Porebski, B. T., Balmforth, M., Browne, G., Riley, A., Jamali, K., Furst, M., Velic, M., Buchanan, A., Minter, R., Vaughan, T. and Holliger, P. (2024). Rapid discovery of high-affinity antibodies via massively parallel sequencing, ribosome display and affinity screening. Nat Biomed Eng 8, 214–232.

We introduce deep screening, an ultra-high-throughput approach leveraging the Illumina HiSeq platform for massively parallel sequencing, display, and rapid affinity screening at the level of >10e8 individual antibody-antigen interactions. Deep screening enabled the discovery of mid- to high-picomolar single-chain Fv (scFv) antibody leads directly from unselected, synthetic scFv repertoires augmented by machine learning.

Papers on RNA-catalyzed RNA replication

Attwater, J., Augustin, T. L., Curran, J. F., Kwok, S. L. Y., Ohlendorf, L., Gianni, E. and Holliger, P. (2025). Trinucleotide substrates under pH-freeze-thaw cycles enable open-ended exponential RNA replication by a polymerase ribozyme. Nat Chem 17, 1129–1137.

We describe progress in solving the strand-separation problem of RNA replication, where RNA duplex strands serve as dead-end products due to their very high stability. We describe how coupled pH and freeze-thaw cycles in conjunction with trinucleotide substrates unlock open-ended, exponential RNA replication over many cycles. Primer-free and / or RNA replication of random RNA template showed emergence of partial ribozyme self-replication together with de novo generation of new RNA sequences with a biased triplet usage largely matching family-box codons of the genetic code.

Gianni, E., Kwok, S. L. Y., Wan, C. J. K., Goeij, K., Clifton, B. E., Attwater, J. and Holliger, P. (2026) A small polymerase ribozyme that can synthesize itself and its complementary strand.  Science 391 :1022-1028. doi: 10.1126/science.adt2760.
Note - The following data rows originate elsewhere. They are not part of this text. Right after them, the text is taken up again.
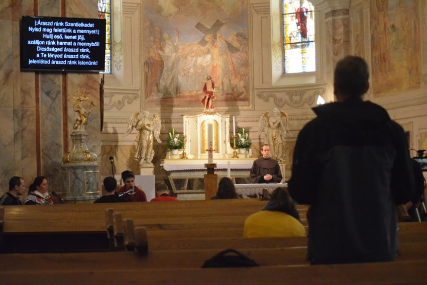 „Segíts, hogy áldani tudjunk, bármi is ér minket, hogy bármilyen élethelyzetben is vagyunk most, áldani tudjunk téged, aki türelmes vagy, szólongatsz, hívogatsz, szeretetet adsz nekünk” – fohászkodott a ferences szerzetes, majd így folytatta: „Van, amikor jól vagyunk, élettel telve, máskor azonban reményvesztetté válhatunk, mint esetleg most, a járvány idején is. Nehéz elviselnünk a bukást, elveszíteni azt, akiben, amiben bíztunk. Sok fiatalban megkérdőjeleződött most minden. De ezzel a tapasztalattal is odaszegődhetünk melléd, Jézusunk, mint az emmauszi tanítványok, akik a gyalázat helyéről, Jeruzsálemből elindultak a választott nép egyik győzelmes csatájának helyszínére. Meghallgatjuk most az írásokat és a kenyértörésről szóló tanítást. Próbáljuk érteni, hogy az igazi jövőbe vezet az út, és a kérdéseinkre tőled kapjuk meg az igazi válaszokat.”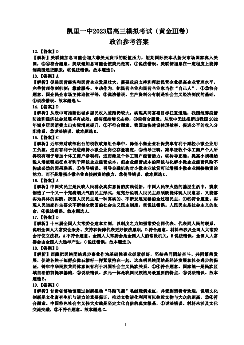 高三文综政治答案--贵州省凯里市第一中学2023届高三三模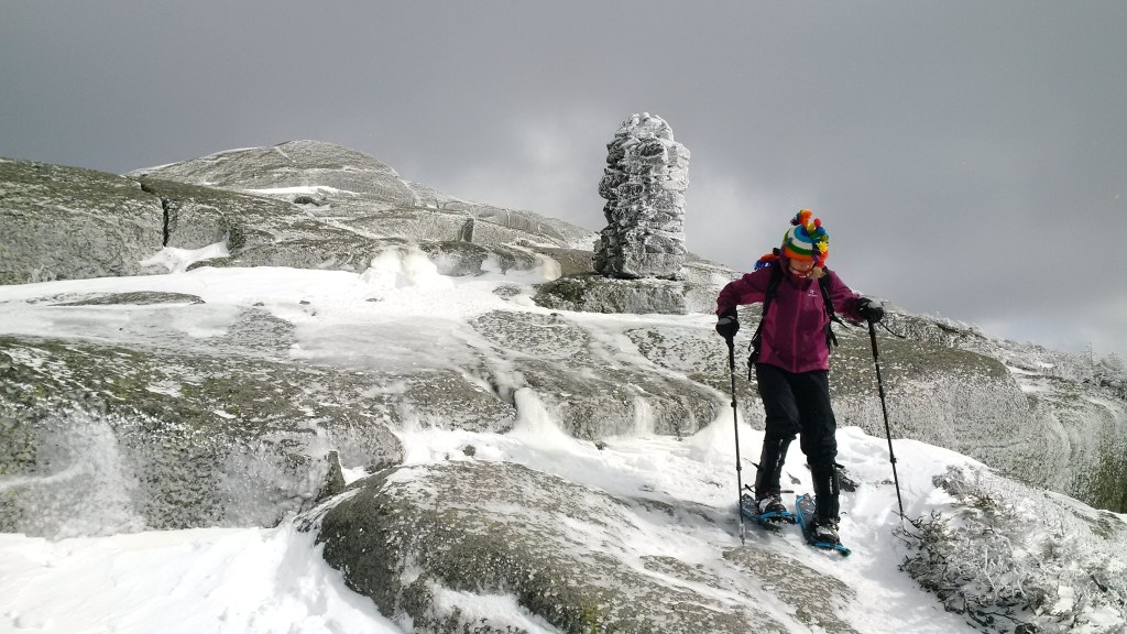 We awoke to a beautiful blanket of snow which would have been perfect for a snowshoe race no shoveling required! So we put on our backwoods snowshoes and climbed Wright Peak.

We describe the discovery and characterization of an unprecedently small 45-nucleotide polymerase ribozyme, discovered from random sequence pools, that catalyzes general RNA-templated RNA synthesis using trinucleotide triphosphate (triplet) substrates. QT45 is the first ribozyme that can synthesize copies of both its complementary strand itself. The discovery of polymerase activity in a small RNA motif suggests that polymerase ribozymes are more abundant in RNA sequence space than previously thought, facilitating the emergence of self-replication.
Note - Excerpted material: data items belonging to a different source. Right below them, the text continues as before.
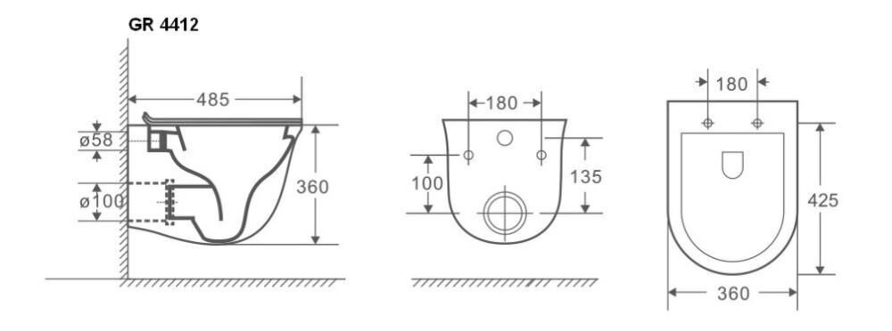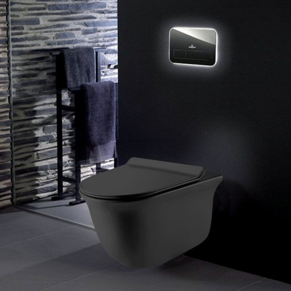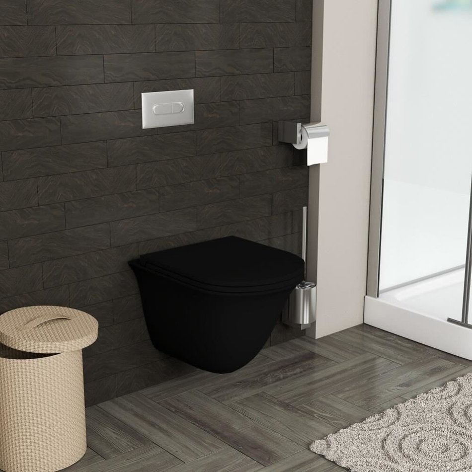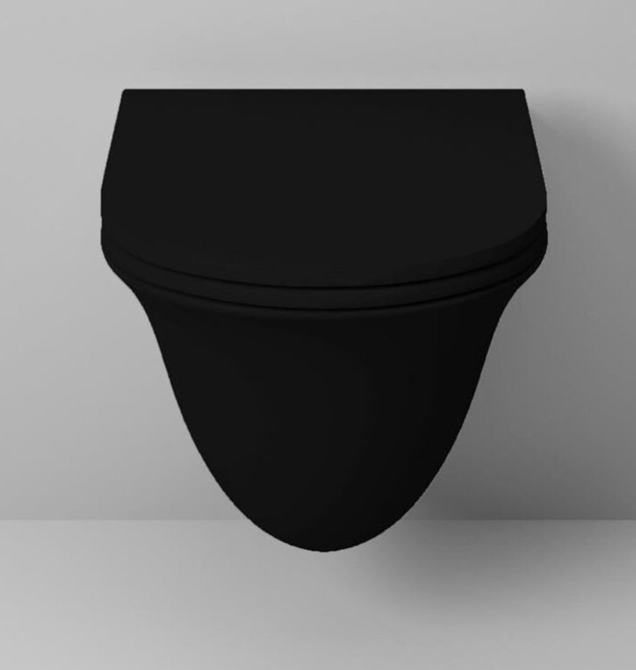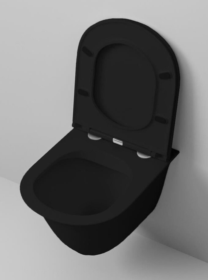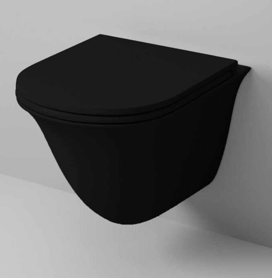Подвесной безободковый унитаз Grossman, черный матовый, крышка тонкая микролифт, GR-4412BMS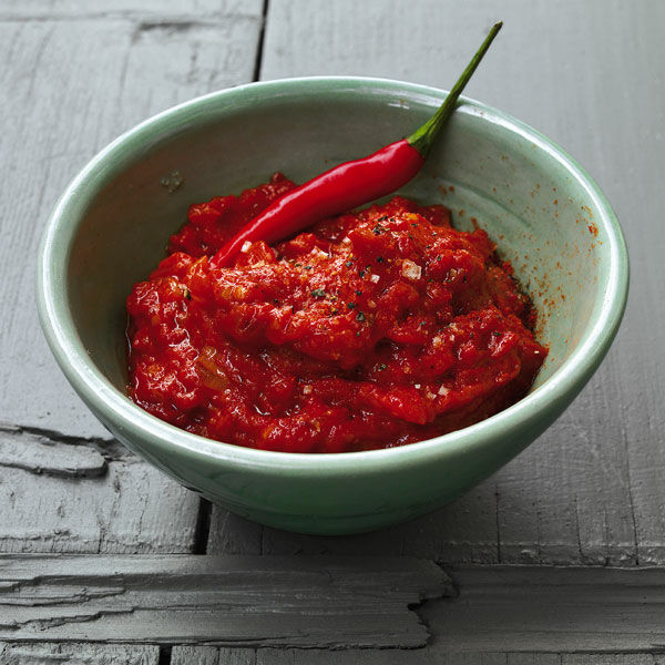 Backofen auf höchste Stufe vorheizen. Paprika waschen, längs halbieren, putzen. Backblech mit Alufolie auslegen, Schotenhälften mit der Haut nach oben darauf legen, flach drücken. Im Ofen (oben) 15-20 Min. backen, bis die Haut dunkle Blasen wirft. Abkühlen lassen, häuten, pürieren.
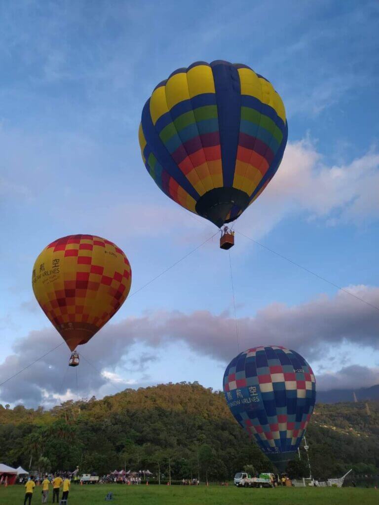 雖然這一次沒有看到熱氣球真的升空,不過可以看到展出我就已經心滿意足了,後來我們要離開前有詢問工作人員有沒有早上熱氣球升空的照片能夠分享,他也很大方的分享了好幾張給我們看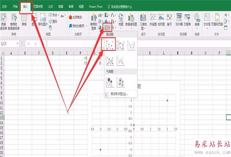 2、選擇數據區域中任一單元格,依次點擊“插入”、“圖表”“散點圖”,選擇“僅帶數據標記的散點圖”選項,創建散點圖。

McRae, E. K. S., Wan, C. J. K., Kristoffersen, E. L., Hansen, K., Gianni, E., Gallego, I., Curran, J. F., Attwater, J., Holliger, P. and Andersen, E. S. (2024). Cryo-EM structure and functional landscape of an RNA polymerase ribozyme.  Proc Natl Acad Sci USA 121, e2313332121.
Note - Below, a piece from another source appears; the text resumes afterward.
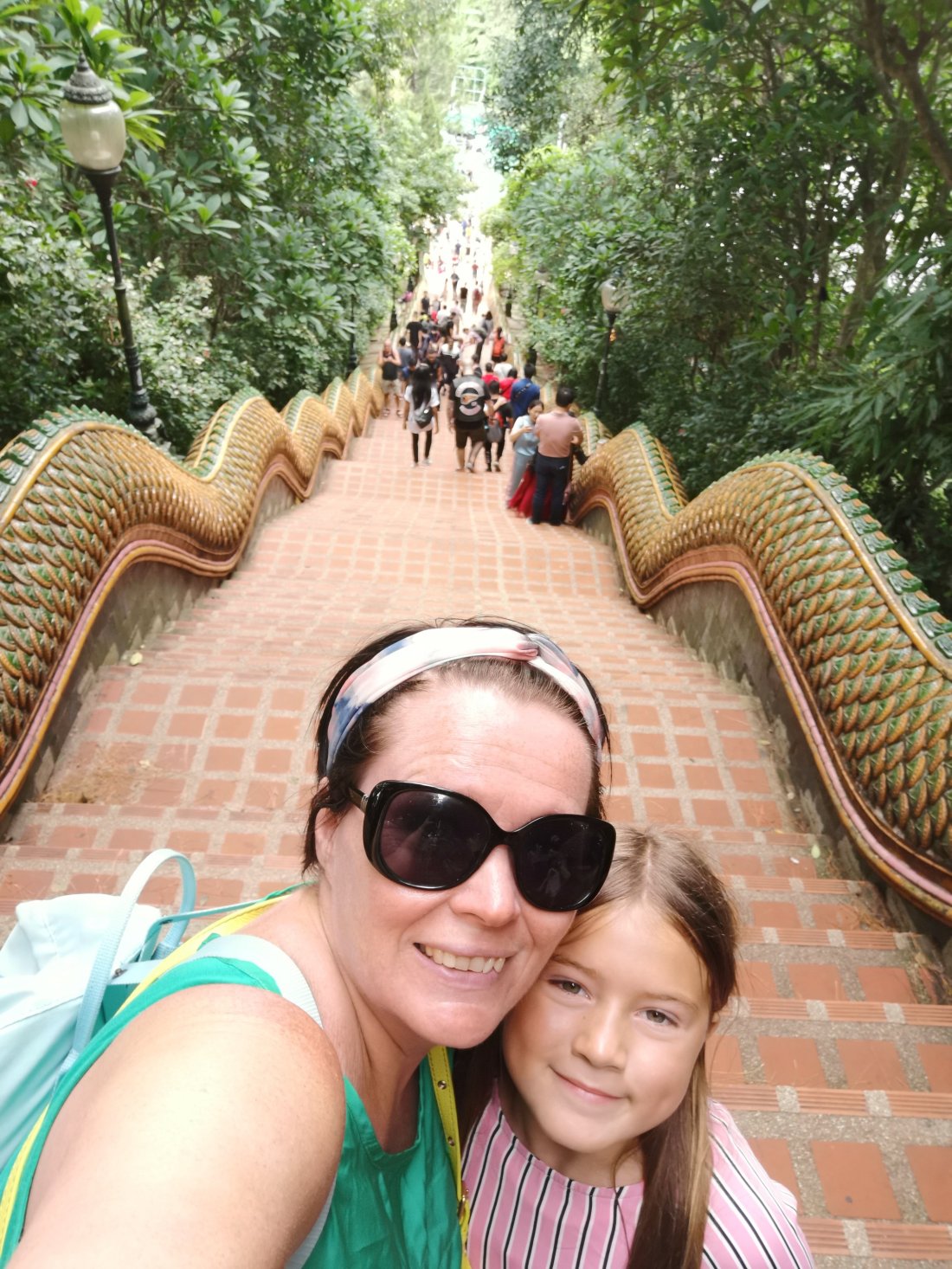 Doi Suthep ligger på ca 1000 moh, og vi måtte leie oss en taxi for å nå toppen. Vi kunne ha sykla å, men hadde glemt nøkkelen til låsen.

We describe the first structure of a RNA polymerase ribozyme, solved to 5-Å resolution by Cryo-EM. The structure reveals the triplet polymerase ribozyme (TPR) apoenzyme an RNA heterodimer comprising a catalytic subunit and a noncatalytic, auxiliary subunit held together two distinct kissing-loop interactions that are essential for polymerase function. We furthermore describe high-throughput adaptive landscape analysis, mapping functionally important residues to the structure and suggest a model for templated RNA synthesis by the TPR holoenzyme consistent with all the data.

Kristoffersen, E. L., Burman, M., Noy, A. and Holliger, P. (2022). Rolling circle RNA synthesis catalyzed by RNA. Elife 11, e75186.

Kristoffersen, E. L., McRae, E. K. S., Sorensen, N. R., Holliger, P. and Andersen, E. S. (2025). Roles of dimeric intermediates in RNA-catalyzed rolling circle synthesis.  Nucleic Acids Res 53, gkaf057.

We describe the establishment and characterization of Rolling circle RNA synthesis (RCS) by the the triplet polymerase ribozyme (TPR) over multiple cycles. We explore potential RCS mechanisms by MD simulations and - in a second publication - by structural analysis of putative RCS replication intermediates by CryoEM. These indicate a progressive build-up of conformational strain within the circular RNA templates, which is relieved by dimer formation.